Member of the Senate
- In office 1920–1925
- Constituency: Hradec Králové

Personal details
- Born: 25 March 1873 Reinowitz, Austria-Hungary
- Died: 1 March 1933 (aged 59) Liberec, Czechoslovakia

= Emma Maria Herzig =

Emma Maria Herzig (25 March 1873 – 1 March 1933) was a Czechoslovak medical doctor and politician. In 1920 she was one of the first group of women elected to the Senate.

==Biography==
Herzig was born in Reinowitz in Bohemia, Austria-Hungary (now part of Jablonec nad Nisou, Czech Republic) on 25 March 1873, the daughter of a factory owner and the granddaughter of Wilhelm Herzig, a member of the 1848 Frankfurt Parliament. She received a private education in Graz and studied medicine at the University of Vienna and the University of Graz, receiving a doctorate of medicine in 1905. She continued her postgraduate studies in Graz, Baden bei Wien, Prague and Germany. In 1908 she started working as a general practitioner in Reichenberg, specialising in women's and nervous conditions.

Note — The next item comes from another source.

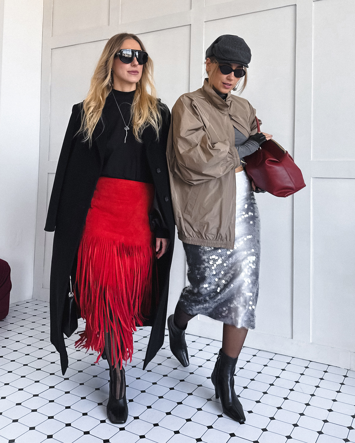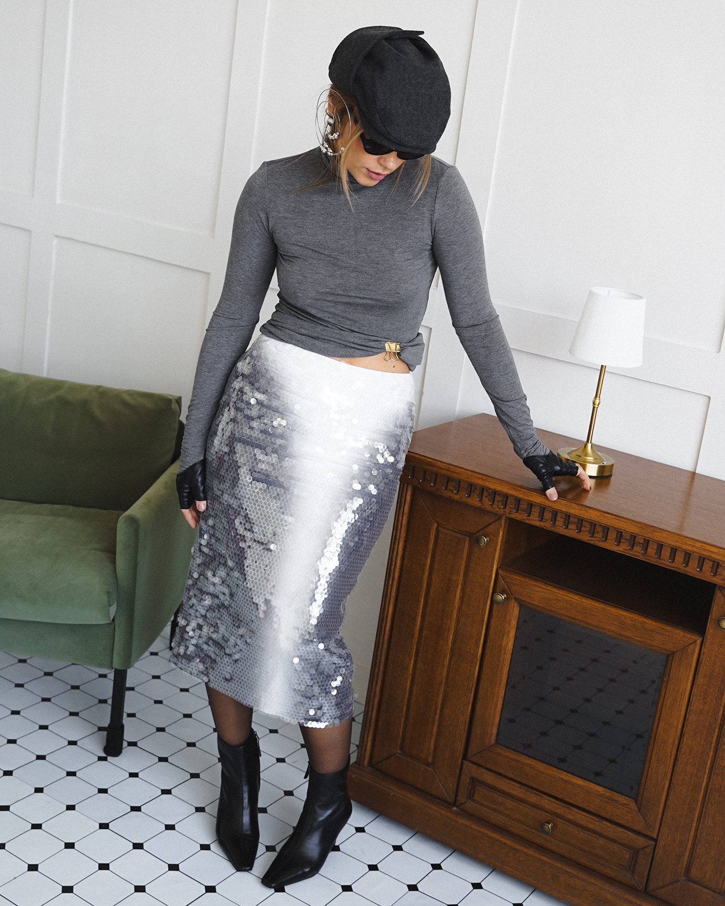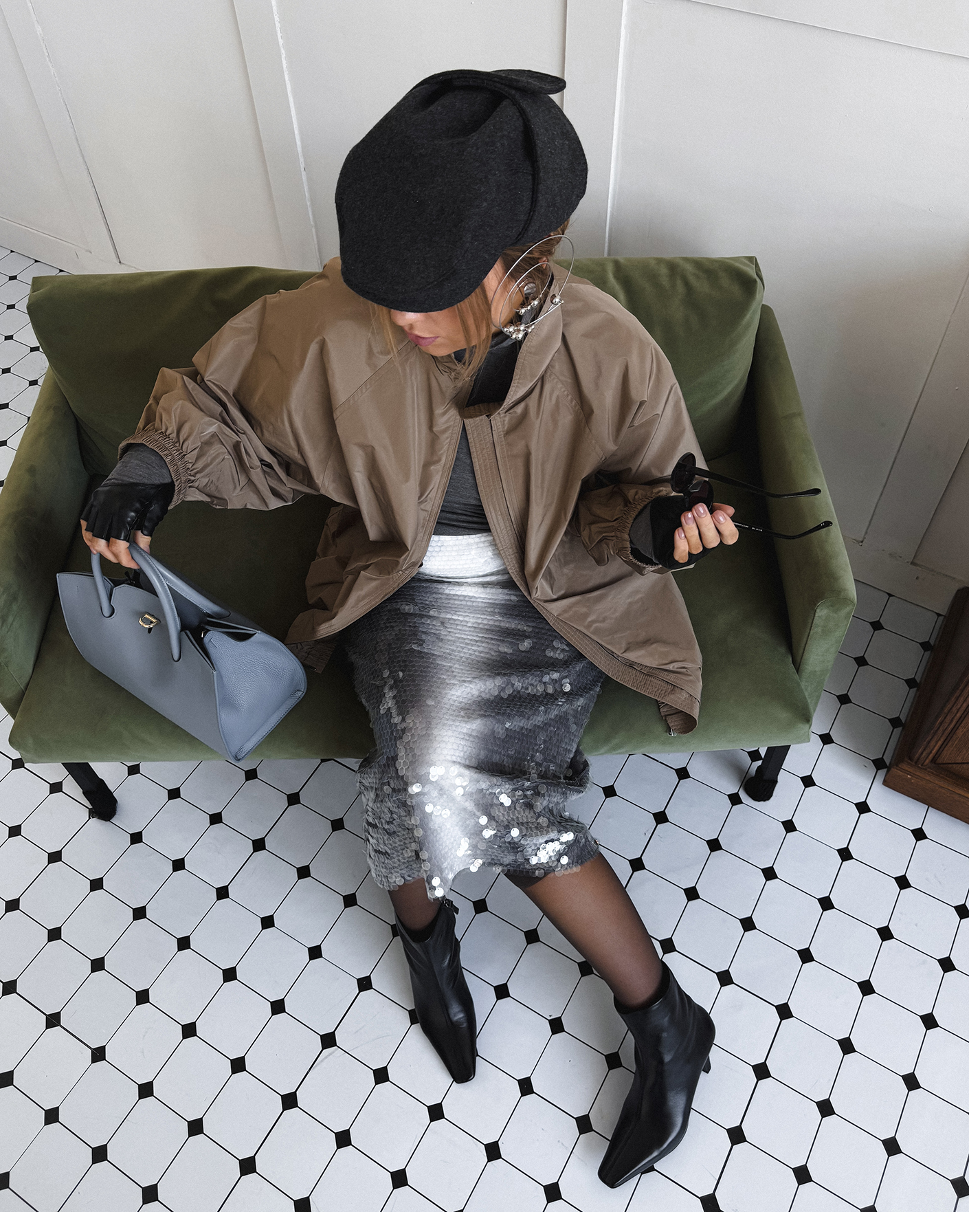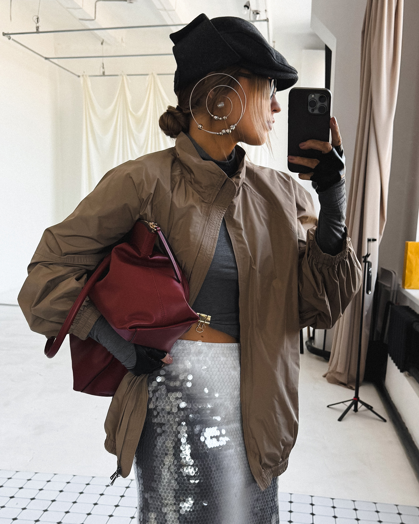 Современный образ для стильных прогулок по городу состоит из удлиненной ветровки-бомбер серо-бежевого цвета с застежкой на молнию, из приталенной водолазки в сером цвете, также из юбки-карандаш с крупными пайетками, что делаем образ более ярким. Смело добавляйте стильные аксессуары.

Following the independence of Czechoslovakia at the end of World War I, Herzig joined the German National Party. She was one of its candidate for the Senate in the 1920 parliamentary elections, in which she was one of sixteen women elected to parliament. After leaving parliament in 1925, she served as president of the Association of German Women's Associations until 1933. She also served on Liberec City Council. She died in Liberec in March 1933.